I wish to highlight the issue of medical cards since it is one we encounter week after week. What is the strategy for keeping citizens well? It is impossible to fathom how somebody who has a chronic illness can be disallowed a medical card because he or she is marginally over the income threshold or even quite a bit over it, but it is absorbing all of his or her income, yet at the same time the Government can move in another direction and give children under five years of age free GP care, welcome as that is. Please outline the medical strategy in all of this because it must make sense. It cannot be one at the expense of the other.

The reduction in the social welfare payment for 24 year olds to €100 makes a presumption - it is a middle class presumption - that they all live at home and can get something from their parents. No provision is made for those who have come out of care or must leave home. They, too, must exist on this €100. There are also those whose families are very hard pressed. It is as if unemployment is something that is self-inflicted by the young. The presumption is that the payment is like pocket money. The Dublin Institute of Technology, DIT, conducted a very useful experiment on what it cost to maintain a young person for one week and the figure is way above the €100 provided for in the budget today.

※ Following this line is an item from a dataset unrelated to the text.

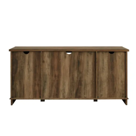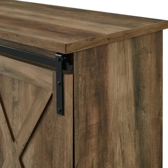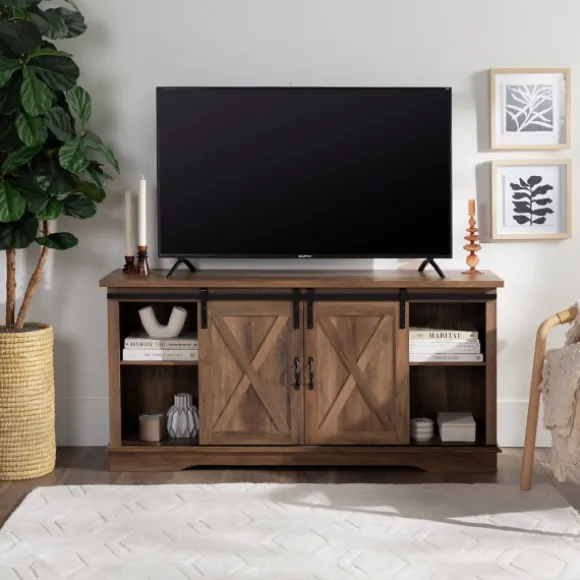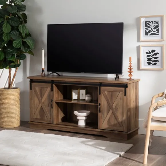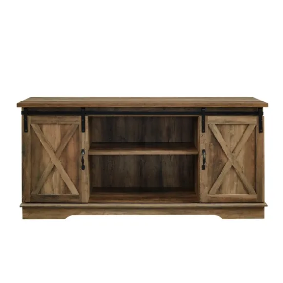 This Sliding Barn Door Open Shelf Oak Tv Stand Will Give Your Living Room A Chic And Charming Feel, While Also Providing Plenty Of Storage Space For Your Electronics And Decor. It Features Two Sliding Barn Door Cabinet Fronts For A Versatile Design. You Can Either Close Off The Middle Or Both Sides, Depending On Your Needs. Adjustable Shelving And Cable Management Make It Simple For You To Keep Your Electronics In One Place. This Media Console Is Constructed Of Warp-Resistant Mdf. The Modern Farmhouse Style Of This Entertainment Center Will Become A Piece Of Your Living Room That You’Ll Admire!Stand Measures 58L X 16W X 28H In.Crafted Of Durable Wood Composite With Laminate And Metalrustic Oak Wood Finishfeatures One (1) Open Shelf, Two (2) Sliding Doors, And Two (2) Shelves For Storagedrawer Fronts Feature Rolling Barn Door Designblack Metal Rollers And Handleshas Back Cord Management And Can Hold Up To A 65-Inch Tvfull Assembly Requirednot Intended For Commercial Usecare: Dust With A Soft, Dry Cloth.This Item Is Available At Kirklands.Com Only, Not Available In Stores. Please Note: This Item Cannot Be Shipped To Apo/Fpo Addresses.

We are told there will be extra investment to maintain local roads. It is all smoke and mirrors or a three-card trick because were there not increases in motor tax earlier this year? The people have paid for these changes themselves and now they are being announced. The same is happening in the case of the huge housing crisis. There are 100,000 families on housing waiting lists. We must build houses and it is welcome that they will be built, but the State is paying a huge sum, €403 million last year, in rent assistance. Often that is given to people at way below the market rents and they must top it up from their social welfare payments. It makes sense, therefore, to build again in some locations. Not only will it provide housing, but it will also provide much needed jobs for people who have the skills to build them. The Minister, Deputy Brendan Howlin, said he was allocating €30 million from the lottery licence proceeds to recommence the State's house building scheme. However, the table on page 149 of the booklet provided by him shows that the capital allocation for housing in 2013 was €265 million, but that will reduce to €223 million in 2014. Is he taking it from one side and placing it in another?

The cuts to the household benefits package will come at a cost, including the isolation of and risk to elderly people. The cut to maternity benefit for the second year is aimed at a targeted group. While it is positive that class sizes will not be increased, it will be a sign of hope when we are reducing class sizes and restoring some of the supports that should be available in the classroom. Those who are sick and have discretionary medical cards are very much a target. The abolition of the mortgage interest supplement is one of the meanest cuts of all.

Are we returning to a situation where some people will end up in paupers' graves? To be honest, I do not see how some very poor people will be able to bury their dead when there is not even a minuscule grant available to meet only a tiny fraction of the cost. It is a terribly mean cut which will cause all sorts of problems in the future.

Sitting suspended at 6.40 p.m. and resumed at 7.10 p.m.